A new £25 million mental health hospital has opened on the outskirts of Liverpool city centre.
The Clock View Hospital in Walton is designed to improve recovery and well-being of its patients and also to reduce the length of their stays.
The hospital will provide patients with their own room with an en-suite bathroom, access to garden courtyards and activity areas. There will be 80 beds in five wards for patients with depression, anxiety and dementia.
With patients arriving at the end of February, Mersey Care’s media officer Myles Hodgson believes the building’s architecture makes it different from other hospitals.
He told JMU Journalism: “The traditional image of a mental health hospital is a tall, dark red brick building where as this is bright, it’s got high tech design, we’ve introduced something we call ‘memory cabinets’ outside each room which gives their room a bit of individuality.

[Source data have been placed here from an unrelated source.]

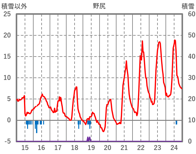 | 日 | 時 | 気温 | 降水 | 風向/風速 | 日照 | 積雪 | 降雪 |
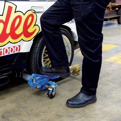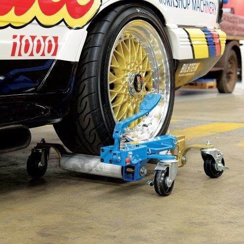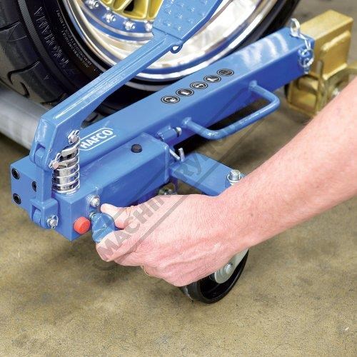 There's no jack like a VJ-680 jack. Its twin rollers slide around the tire and squeeze upward, lifting the tyre smoothly off the ground in seconds with a few pumps of the hydraulic foot pedal.
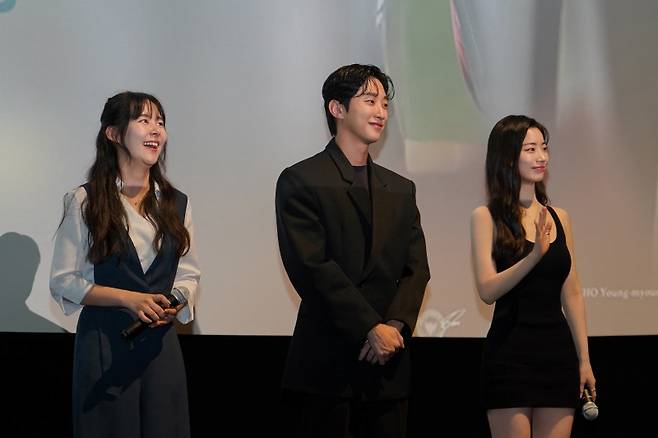 이어서 진행된 레드카펫 행사는 본격적으로 현지 팬들과 만나는 자리로 영화의 화려한 서막을 알렸다. 진영과 다현은 스크린 속 첫사랑 로맨스를 현실에서도 그대로 재현하듯 설렘 가득한 분위기를 자아내며 등장, 팬들의 열렬한 환호 속에서 사랑스러운 케미가 돋보이는 포토타임을 진행하며 현장 분위기를 더욱 뜨겁게 달궜다.
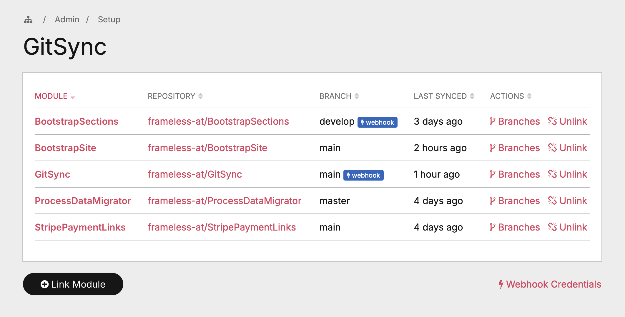 Click Link Module on the GitSync overview page. Select a module from the dropdown – GitSync automatically searches GitHub for a matching repository. You can also enter a repository URL manually.
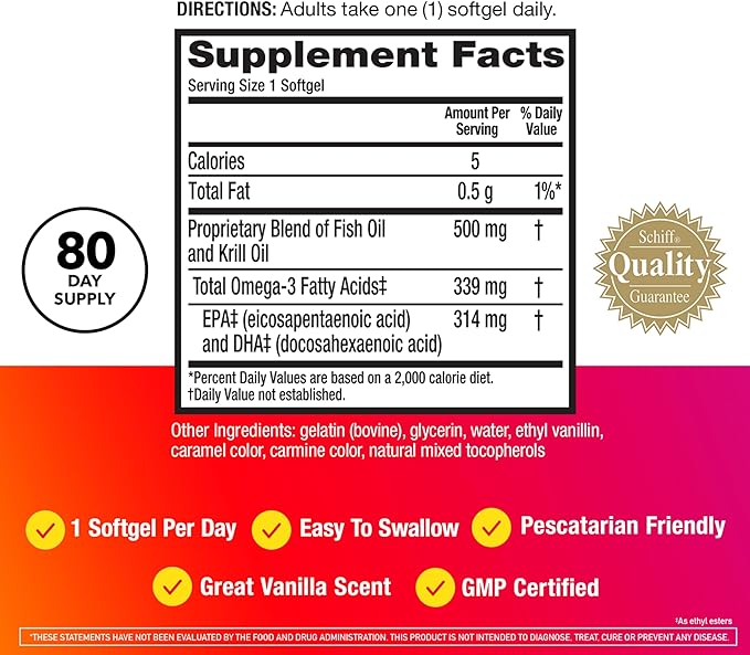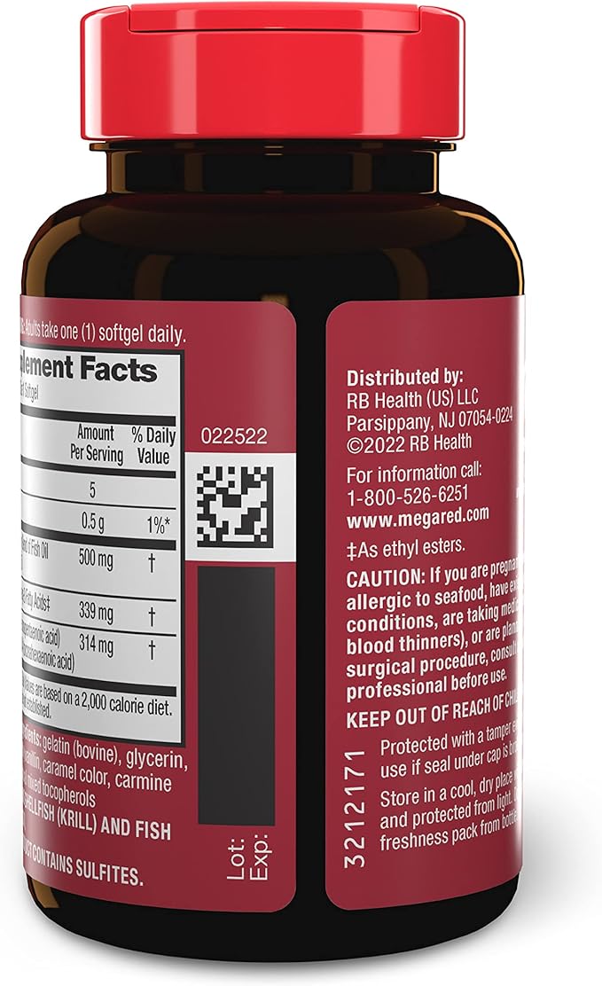 Megared Omega-3 Fish Oil + High Absorption Krill Oil 500mg Softgels, MegaRed Advanced 4in1 (80 count in a bottle) Concentrated Omega-3 Fish & Krill Oil Supplement

It’s the furthest it could be from an NHS hospital, it almost looks like a private hotel inside. ”
The hospital provides an assessment unit where anyone with mental health issues can go.

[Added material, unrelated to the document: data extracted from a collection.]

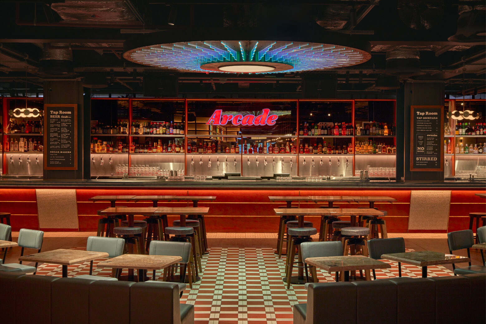 The Arcade Food Hall at Battersea Power Station blends American dining with touches of Italian and Oriental influences, through a careful selection of warm, earthy tones and opulent textures, the interiors were designed to exude comfort and elegance. Furnished with rustic Italian-inspired arches and delicate Oriental screens, the layout of the food hall encourages social interaction and exploration, with open spaces inviting patrons to gather and enjoy the diverse culinary offerings. Meanwhile, intimate alcoves and seating arrangements offer moments of privacy and tranquility. Overall, the project seats 500 people and features 13 cuisines, two bars, three restaurants, and a private dining room on the first level.
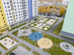 Полностью сформированный микрорайон: лицей, школы, детские сады, поликлиника, прогулочные зоны. Круглосуточное видеонаблюдение для вашей безопасности. В самом комплексе функционируют коммерческие помещения под магазины, аптеки и фитнес-центр. Для жителей предусмотрен наземный паркинг на 1013 мест.
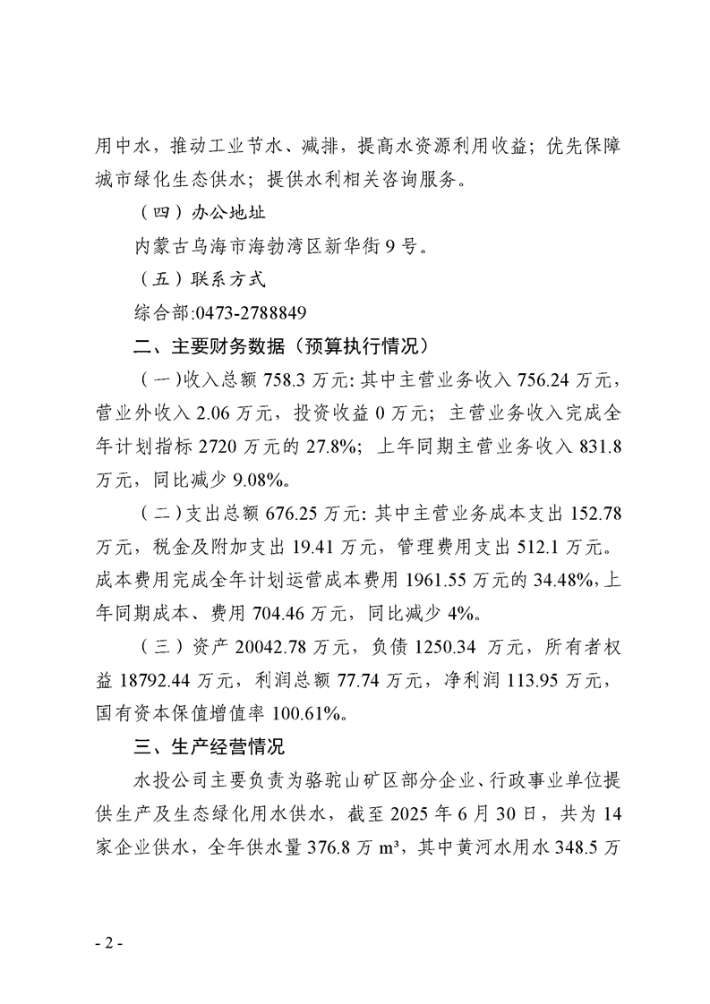 - 2025-03-10烏海市水務(wù)投資有限責(zé)任公司2024年度信息公開(kāi)報(bào)告

Video report by Richard Eves, JMU Journalism TV
Hodgson said: “Mental health experts will decide what to do with them. But, in theory, any type of mental health can be treated there. With the innovation of the design and other practices, our Chief Executive [Joe Rafferty] said he hopes to get it down to about a 28 day stay. This would obviously help with the best use of the beds. But it all depends on the seriousness of the illness of each patient.”
Each patient will receive similar treatment to what they undergo now, but in a brand new, therapeutic environment. Between 2013 and the end of last year, Mersey Care offered care, treatment and support to almost 36,500 service users.
The hospital faces the clock tower, which was once part of an old hospital where The Beatles star Paul McCartney was born.